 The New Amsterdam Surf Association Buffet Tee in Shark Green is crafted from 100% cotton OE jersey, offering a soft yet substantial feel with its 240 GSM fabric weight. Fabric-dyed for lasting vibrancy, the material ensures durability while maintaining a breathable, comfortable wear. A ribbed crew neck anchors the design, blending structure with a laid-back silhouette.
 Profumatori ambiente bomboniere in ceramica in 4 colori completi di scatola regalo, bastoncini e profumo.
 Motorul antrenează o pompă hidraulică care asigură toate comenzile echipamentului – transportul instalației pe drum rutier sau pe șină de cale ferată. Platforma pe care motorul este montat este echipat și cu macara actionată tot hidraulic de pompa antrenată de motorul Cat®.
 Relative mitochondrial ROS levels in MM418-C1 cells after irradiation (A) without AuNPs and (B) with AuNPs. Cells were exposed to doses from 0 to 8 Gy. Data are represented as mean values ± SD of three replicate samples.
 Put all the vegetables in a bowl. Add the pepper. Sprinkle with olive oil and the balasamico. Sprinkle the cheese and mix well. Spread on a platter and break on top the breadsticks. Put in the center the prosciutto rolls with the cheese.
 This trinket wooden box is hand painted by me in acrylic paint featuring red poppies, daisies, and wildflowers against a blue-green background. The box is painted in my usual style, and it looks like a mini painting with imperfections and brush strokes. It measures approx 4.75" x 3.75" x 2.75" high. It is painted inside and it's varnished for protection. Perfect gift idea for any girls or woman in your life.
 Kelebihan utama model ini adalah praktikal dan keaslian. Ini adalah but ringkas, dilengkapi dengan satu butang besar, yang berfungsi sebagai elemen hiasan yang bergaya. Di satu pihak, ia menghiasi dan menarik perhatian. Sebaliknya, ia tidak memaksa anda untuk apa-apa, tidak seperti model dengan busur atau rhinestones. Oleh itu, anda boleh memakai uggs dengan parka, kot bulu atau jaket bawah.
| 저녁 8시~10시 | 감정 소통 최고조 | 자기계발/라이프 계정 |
※
**WHAT IS BEING ASKED:** Which of the lines in the material above contain "with"? Copy each one out.

**ANSWER FOR THE TASK:**
 The New Amsterdam Surf Association Buffet Tee in Shark Green is crafted from 100% cotton OE jersey, offering a soft yet substantial feel with its 240 GSM fabric weight. Fabric-dyed for lasting vibrancy, the material ensures durability while maintaining a breathable, comfortable wear. A ribbed crew neck anchors the design, blending structure with a laid-back silhouette.
 Relative mitochondrial ROS levels in MM418-C1 cells after irradiation (A) without AuNPs and (B) with AuNPs. Cells were exposed to doses from 0 to 8 Gy. Data are represented as mean values ± SD of three replicate samples.
 Put all the vegetables in a bowl. Add the pepper. Sprinkle with olive oil and the balasamico. Sprinkle the cheese and mix well. Spread on a platter and break on top the breadsticks. Put in the center the prosciutto rolls with the cheese.
 This trinket wooden box is hand painted by me in acrylic paint featuring red poppies, daisies, and wildflowers against a blue-green background. The box is painted in my usual style, and it looks like a mini painting with imperfections and brush strokes. It measures approx 4.75" x 3.75" x 2.75" high. It is painted inside and it's varnished for protection. Perfect gift idea for any girls or woman in your life.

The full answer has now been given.